- _Data excerpt_:

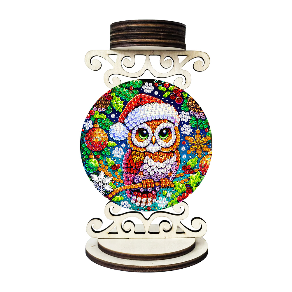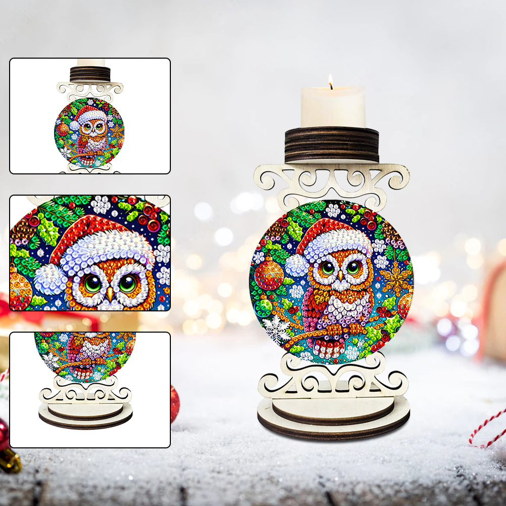 5D DIY Owl Wooden Special Shaped Christmas Theme Diamond Painting Candle Holder
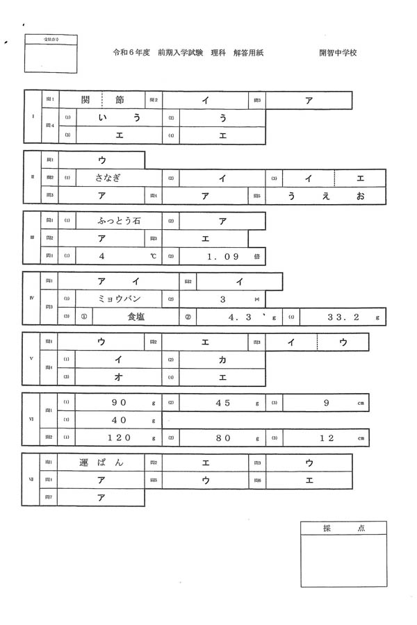 令和6年度入試過去問題 前期(理科 解答)(1ページ目)|開智中学校の入試過去問
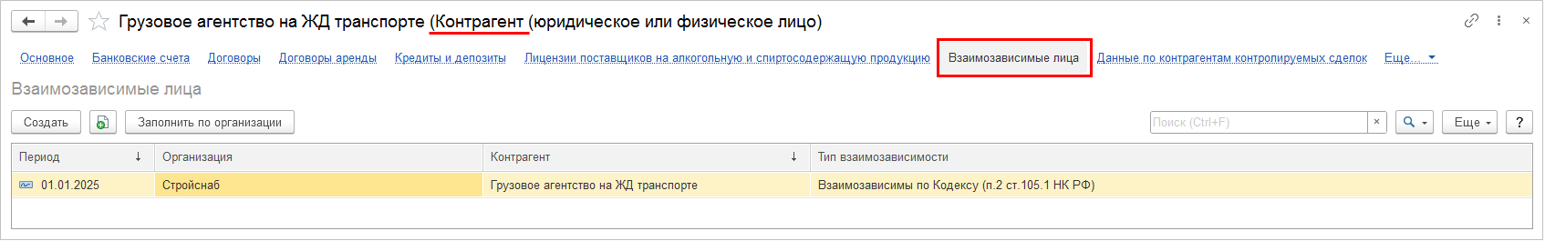 Есть коды операций по реализации со ставкой НДС 0%, зависящие от отношений взаимозависимости контрагента и организации. Если контрагент взаимозависим от организации, то необходимо в списке Взаимозависимые лица создать запись с определением типа взаимозависимости. Для удобства заполнения информации о взаимозависимости в карточку элемента списка Контрагенты добавлена гиперссылка Взаимозависимые лица. Гиперссылка доступна, если в информационной базе включена функциональная опция Контролируемые сделки (меню НСИ и администрирование – Настройка НСИ и разделов – Регламентированный учет - Отчетность).

- _Task prompt_: Each line from the first line of the data above through the one containing "令和6年度入試過去問題 前期(理科 解答)(1ページ目)|開智中学校の入試過去問" must be set down exactly; the pictures must not be.

- _Result of the exercise_:
 5D DIY Owl Wooden Special Shaped Christmas Theme Diamond Painting Candle Holder
 令和6年度入試過去問題 前期(理科 解答)(1ページ目)|開智中学校の入試過去問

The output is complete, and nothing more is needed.